- Theatrical release poster
- Spanish: Ídolos
- Directed by: Mat Whitecross
- Screenplay by: Inma Cánovas; Jordi Gasull; Ricky Roxburgh;
- Story by: Jordi Gasull
- Produced by: Marco Belardi Ricardo Marco Budé Jordi Gasull Marc Sabé Ignacio Salazar-Simpson
- Starring: Óscar Casas; Claudio Santamaria; Ana Mena;
- Cinematography: Xavi Giménez
- Edited by: Ascen Marchena
- Music by: Ginevra Nervi
- Production companies: 4 Cats Pictures; Warner Bros. Pictures; Mogambo Productions; Anangu Grup; Imperio Contraataca AIE; Greenboo Production;
- Distributed by: Warner Bros.
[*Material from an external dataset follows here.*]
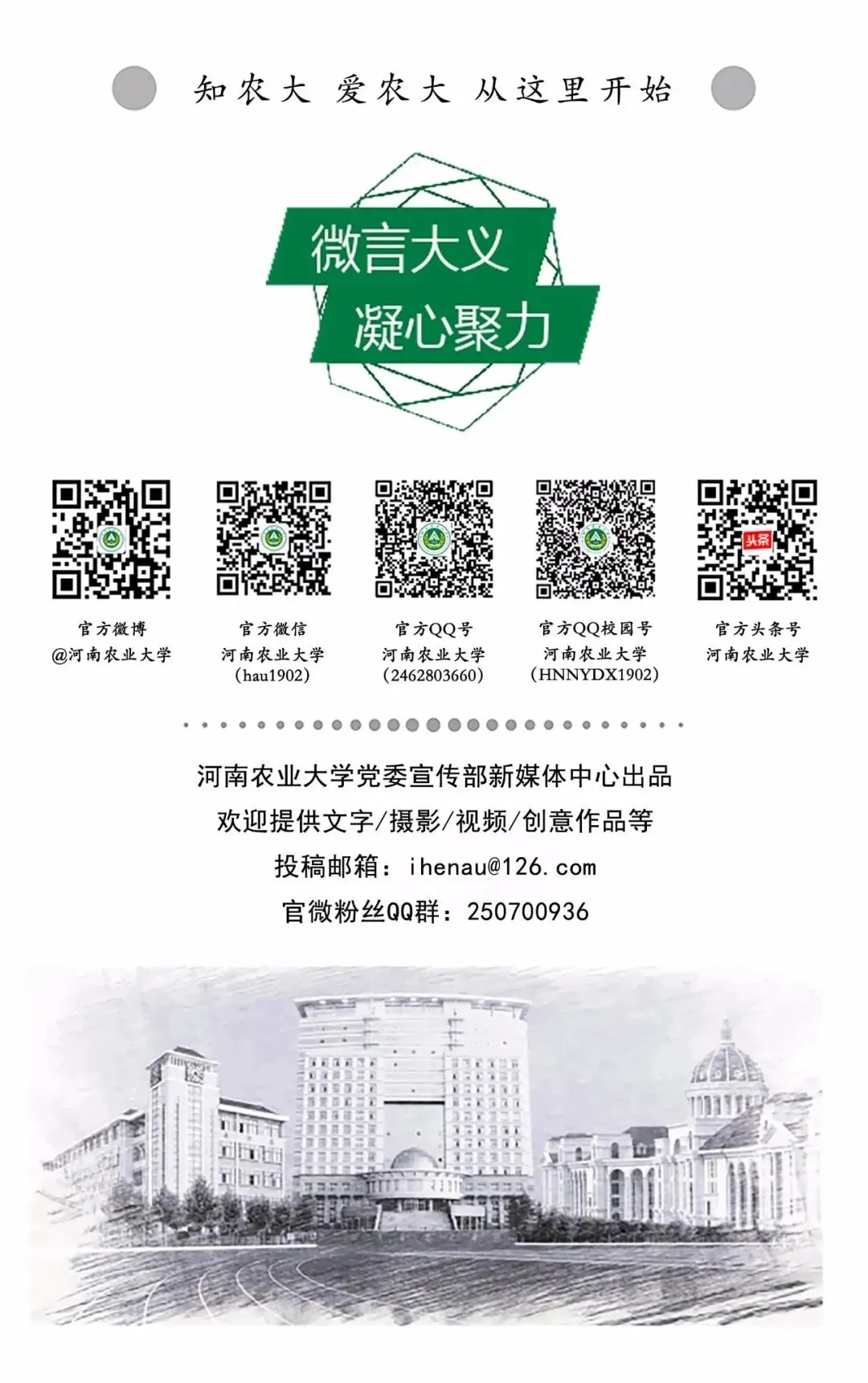 第二个我要说的关键字,是“干”。对,就是“撸起袖子加油干”的干!我觉得首先你要想清楚你是否喜欢你现在的工作,并且能从中有所收获。当你确定了这件事之后,剩下的就是对热爱的事情百分百的投入了。我犹记得初入部门的时候,发一条微博我都会字斟句酌好半天,第一次去老区开会被周老师夸奖“微信做的不错”的时候,我心里暗暗发誓要把工作做得更出色,得到更多老师的表扬!哈哈,但这不是重点哈,其实就是你的努力被别人看到了,当标有你名字的微信发出来,被数万个农大人看到,当你写的稿子发在校报上,官网上,那种成就感是很难以言喻的。

Pictures
- Release date: 23 January 2026 (Spain);
- Running time: 126 minutes
- Countries: Spain; Italy;
- Language: Spanish

= Idols (2026 film) =

2026 sports action drama film

Idols (Ídolos) is a 2026 sports action drama film directed by Mat Whitecross from a screenplay by Jordi Gasull, Inma Cánovas, and Ricky Roxburgh. It stars Óscar Casas, Claudio Santamaria, and Ana Mena. It is a Spanish-Italian co-production.

== Plot ==
Reckless Moto2 racer Edu Serra is given an opportunity by Aspar Team chief Eli as long as he accepts being coached by his estranged father, former biker Antonio Belardi. Edu also starts a relationship with tattoo artist Luna.

== Production ==
The screenplay was written by Inma Cánovas, Jordi Gasull, and Ricky Roxburgh based on an original story by Gasull. Idols is a Spanish-Italian co-production by 4 Cats Pictures, Warner Bros. Entertainment España, Mogambo Productions, Anangu Grup, Imperio Contraataca AIE, Warner Bros. Entertainment Italy, and Greenboo Production, and it had the collaboration of MotoGP.
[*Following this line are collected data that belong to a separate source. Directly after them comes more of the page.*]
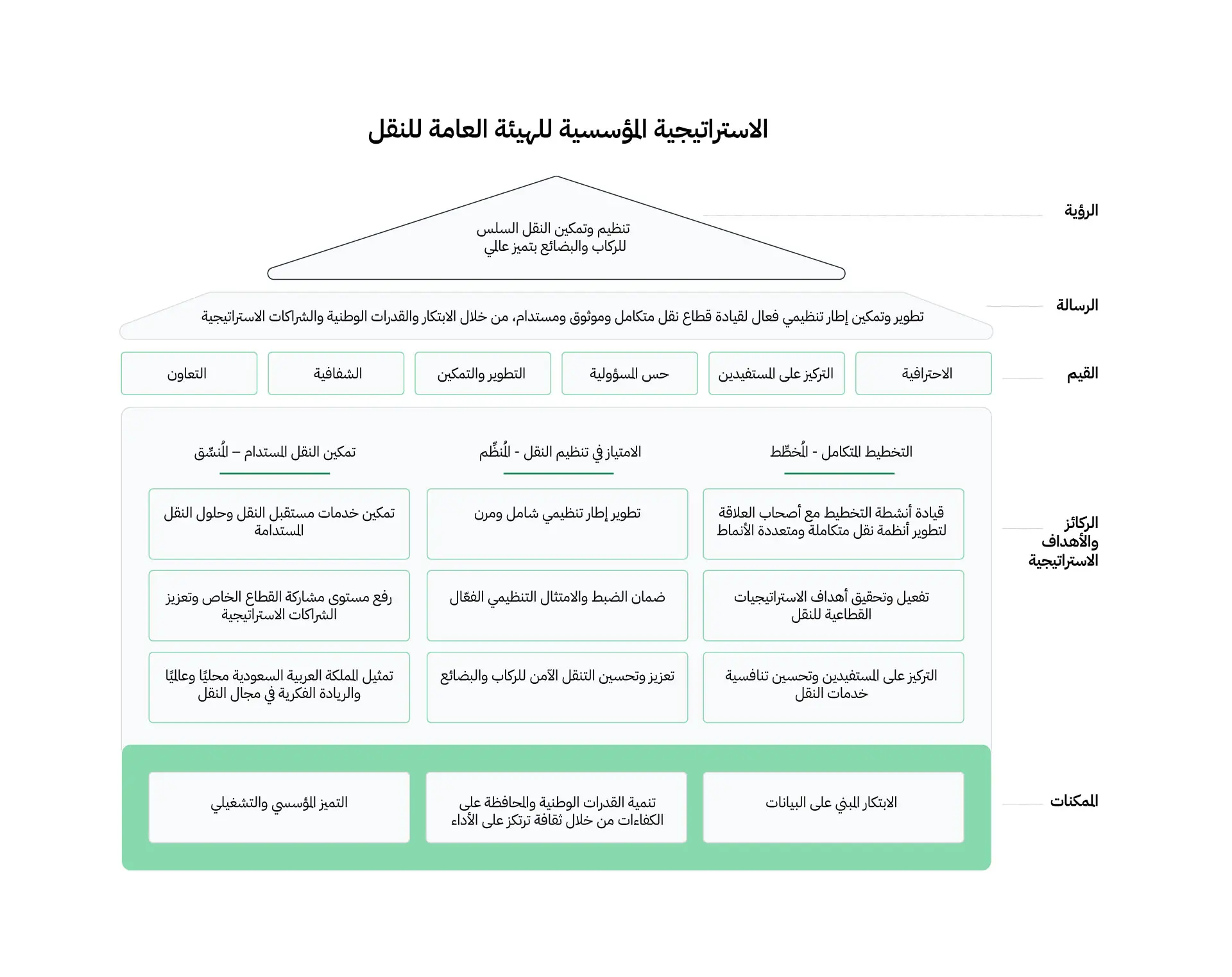 تطوير برامج استراتيجية متكاملة ورؤية واضحة للقطاعات الرئيسية للنقل، تشمل برنامج القطاع السككي وبرنامج القطاع البحري وبرنامج القطاع البري.
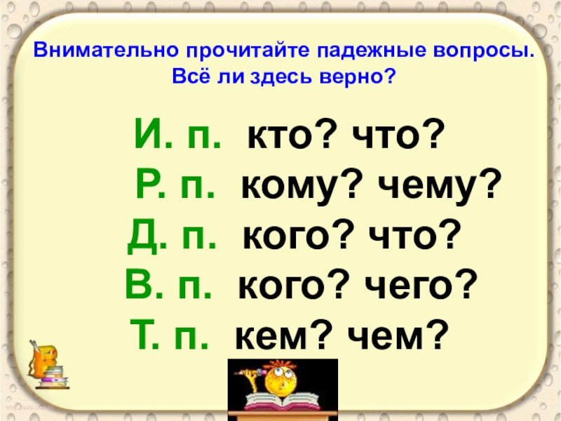 Внимательно прочитайте падежные вопросы.
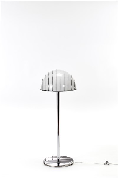 Lampada da terra modello "Griglia". Produzione Esperia, Poggi Bonsi, anni '70. Metallo cromato, metacrilato bianco. Recante etichetta della produzione sull'interruttore. (h cm 114; d cm 44) (lievi difetti)
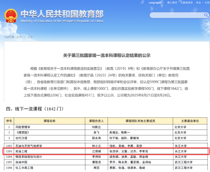 (通讯员 汪杰)近日,教育部公示了第三批国家级一流本科课程认定结果,公司取得新突破!由江厚顺教授担任课程负责人,张顶学、王雷、汪杰、李军亮老师为团队成员的《采油工程》喜获线下一流本科课程认定。这是公司首次获批国家级一流本科课程,标志着公司在本科教学课程建设方面取得历史性突破。
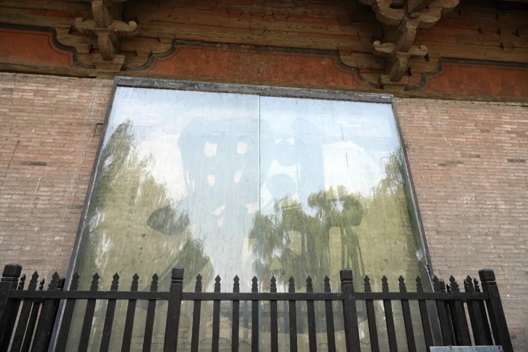 穿过牌坊之后继续往北走就是文庙的第二座建筑那就是大成门,同样是后期修复的一个建筑,不过门前的马匹雕塑和色彩浓郁的壁画同样看起来非常朴素,和平遥古城非常和谐的搭配。

Shooting locations included the Circuit of the Americas, Misano World Circuit, MotorLand Aragón, Montmeló, Circuito de Jerez, Twin Ring Motegi, and Aspar Circuit. Xavi Giménez worked as cinematographer.

== Release ==
The film is scheduled to be released theatrically in Spain on 23 January 2026 by Warner Bros. Pictures. Warner Bros. also secured Italian theatrical distribution rights. Film Mode acquired international sales rights, non-exclusively in the United Kingdom and the Americas.

== Reception ==
Javier Ocaña of El País assessed that the film has "all the ingredients to draw people to the cinemas".